Know your country: Covid-19 cybercrimes globally

Covid-19 cybercrime is not going unnoticed. International regulatory bodies are quickly adapting to this shifting landscape and providing resources and recommendations for state security measures. Nevertheless, national legal frameworks to combat cybercrime should not be treated equally. While countries like Nigeria and Australia are noted for having strong laws that prevent unauthorized use and access to digital tech and information, some cybercrime regulations are less well targeted, such as those in the Philippines, Thailand, and more recently in Kenya, Niger and Bangladesh – the top country for Covid-19 cybercrimes.

Figure 3. Countries associated with cybercrime events during the COVID-19 lockdowns, which generally correspond to the presence of local cybercrime regulations within each of these jurisdictions.

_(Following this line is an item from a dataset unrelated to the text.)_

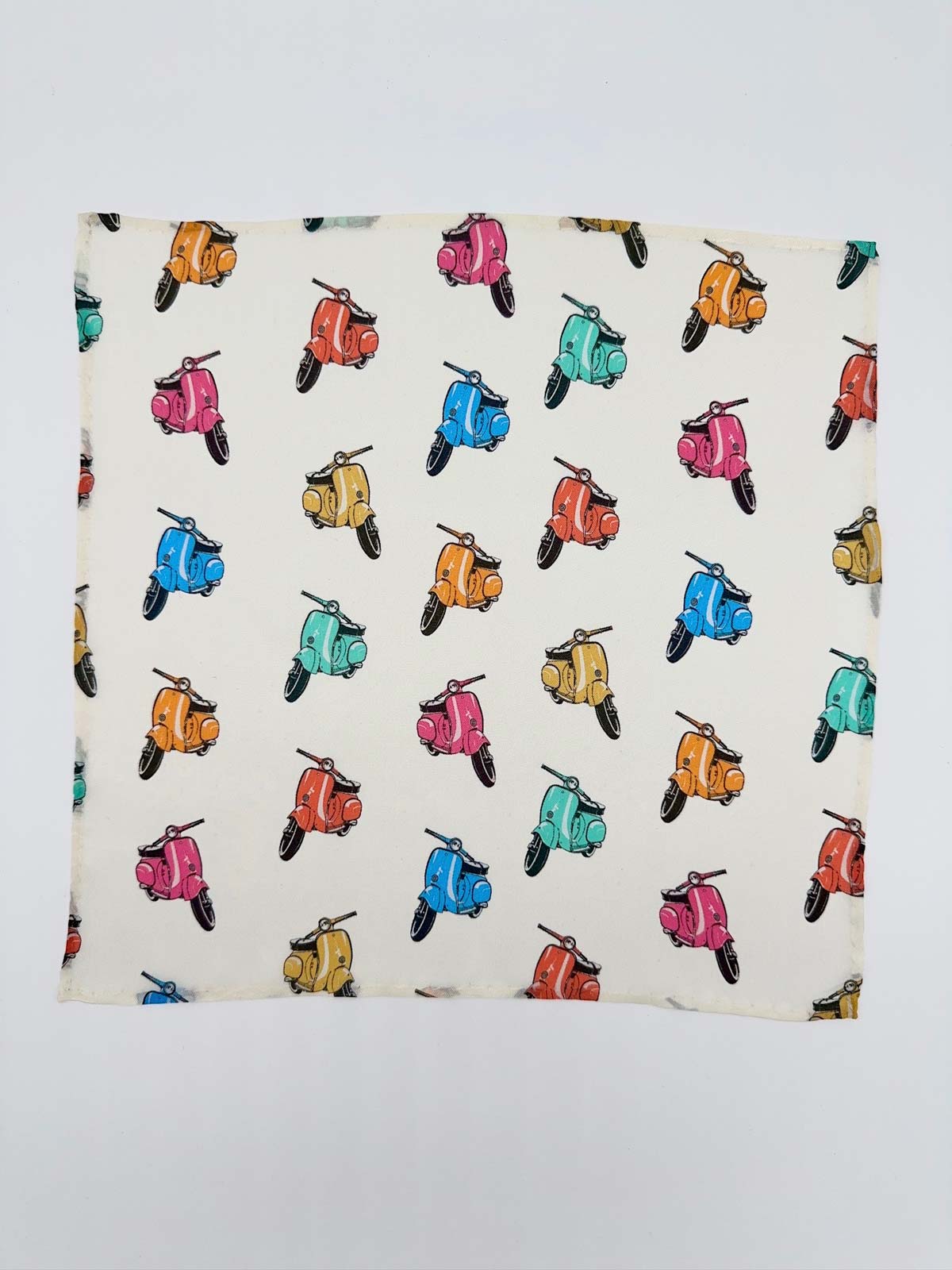 50Specia รจ la pochette piรน ironica e nostalgica della collezione VIES: un richiamo immediato alla libertร , ai pomeriggi dโestate e alle iconiche linee senza tempo della Vespa. Il fondo panna caldo fa da tela raffinata a una serie di scooter multicolore illustrati con tratto fine e stile pop, creando un design vivace ma mai eccessivo.

Differences in legal frameworks surrounding cybercrime pose issues of cross-border enforcement and allow cybercriminals to circumvent travel restrictions. Areas with minimal regulation against cybercrime may be intended to protect state-sponsored activity. Such instances raise questions about international unity and call for institutions in the financial sector worldwide to collaborate in connecting the dots against cybercrime. It is up to each organization to determine which regulations carry the most weight and would have the most impact on their operational footprint, in what areas they have the most market share or where they see the greatest potential growth.

Monitoring: the ripple effect

Today, less than a year since the onset of the pandemic, most Covid-19-related potential cyber criminals have only been arrested or charged; fewer than 5% of suspects have been convicted . As we have learned from previous disasters, the prosecution of fraudsters can continue for years following a catastrophe, with Hurricane Katrina cyberfraud convictions continuing until 2009, four years after the hurricane. Companies should start to monitor risk entities now to identify predicate crimes attached to larger fraud schemes. They should also consider scrutinizing such activities for a one-to-three-year span, post-recession.

Unfortunately, natural and disasters caused by man will continue to occur and become ever less predictable. As an organization, it is important to be mindful of the subsequent risks, cybercrime and otherwise. Capitalizing on AI and Machine Learning technologies will allow teams to accelerate data analysis, decision making and performance monitoring of their AML/KYC program both during and after critical risk periods. As with past disasters, rebuilding a city, state or country is an ongoing process, during which time the fraud may continue too.